From Admin: Veteran Minnesota medtech consultant Brian Bischoff received a federal grant to commercialize a University of Minnesota-developed device aimed at improving how donated blood is frozen and preserved, which in turn could unlock the promise of using stem cells to manufacture much-needed supplies for transfusions. The automated system invented by Professor Allison Hubel from University of Minnesota cleanses from thawed blood glycerol preservatives, which are added prior to its freezing for storage, more safely and efficiently than standard type of equipment, a centrifuge, used for this process. 

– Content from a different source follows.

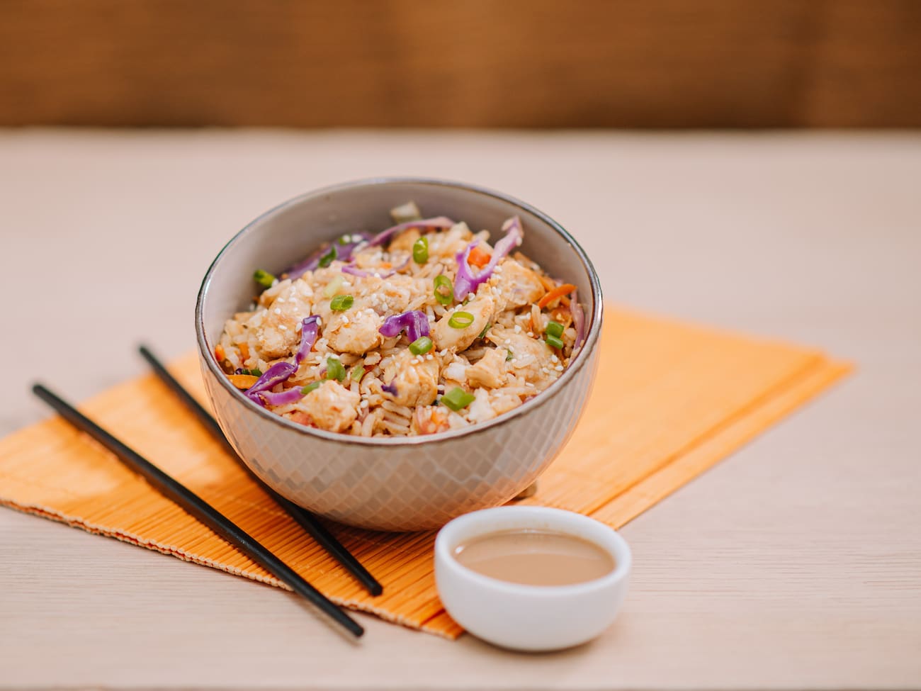 Tiras de filé de Frango grelhado salteado no Wok com Arroz Levemente Apimentado (Feito ao estilo Thai, no Wok), refogado com repolhos, tomate picado, cenoura ralada, ovos mexidos, cebolinha + Molho Satay (amendoim, shoyu e leite de coco) da Casa. Servido super quentinho.

Bischoff, co-founder and former CEO of senior care technology company Healthsense, landed a $223,000 U.S. National Institutes of Health grant to help guide a “microfluidics” device invented by U of M mechanical engineering professor Allison Hubel into the market.
 
Hubel’s device touts the ability to quickly “wash” thawed blood of glycerol preservatives that are added before freezing, using a low-cost automated system to replace the time-consuming and labor-intensive centrifuge-based equipment that has been the standard for blood washing for many years.
 
The use of centrifuges to “de-glycerize” cryopreserved red blood cells also typically results in high levels of cell loss, which Hubel’s invention claims to reduce by employing a novel method of diffusing the preservatives out of the blood as it flows through the device. The result, borne out by federally funded studies, is much greater volumes of blood washed via automation, done more safely and at a lower cost. 
 
In a big picture sense, the microfluidics device is aimed at furthering the goal of creating and preserving large strategic stores of blood manufactured from stem cells. Such reserves could be kept on hand when donated supplies run low or if needed in cases of large-scale emergencies, but those prospects have always been hampered by the costly and laborious process of washing large amounts of thawed blood.
 
Bischoff’s current company is called Headwaters Innovation Inc., based in Red Wing. The Phase I Small Business Innovation and Research (SBIR) grant was awarded to the firm in September.
 
An expert consultant in product development as well as an engineer, Bischoff is the owner of 12 patents. In 2003 he co-founded Mendota Heights-based Healthsense, which makes a remote monitoring system that alerts caregivers to changes in the behavior of elderly patients. Before that, he held management positions with Emerson Process Management and Honeywell, managing the latter’s global Control Products business unit.
 
He is also currently teaching a course on new product design and development at the University of St. Thomas.
 
Contacted by TCB, Bischoff declined to comment on the blood washing device project, citing the sensitivity of the current stage, but confirmed the SBIR grant is indeed related to commercialization of technology invented by the U of M’s Hubel, who is hailed as one of the country’s leading experts and innovators in cell and tissue preservation.
 
She is currently the director of the Biopreservation Core Resource (BioCoR), a national resource in biopreservation based at the U of M that serves hospitals, biobanks, companies and academic institutions. In her 20-year career as a mechanical engineering professor, Hubel has experience spanning basic studies of preservation, development of protocols for preservation and education and training.
 
Hubel also has an entrepreneurial side, founding her own startup, Mesoflow Inc., and serves as deputy director for skills development for MN-REACH, the NIH-funded research hub established at the U. Its mission is to distribute grants for health care technologies that both address unmet medical needs and are within “a few actionable steps” of commercialization.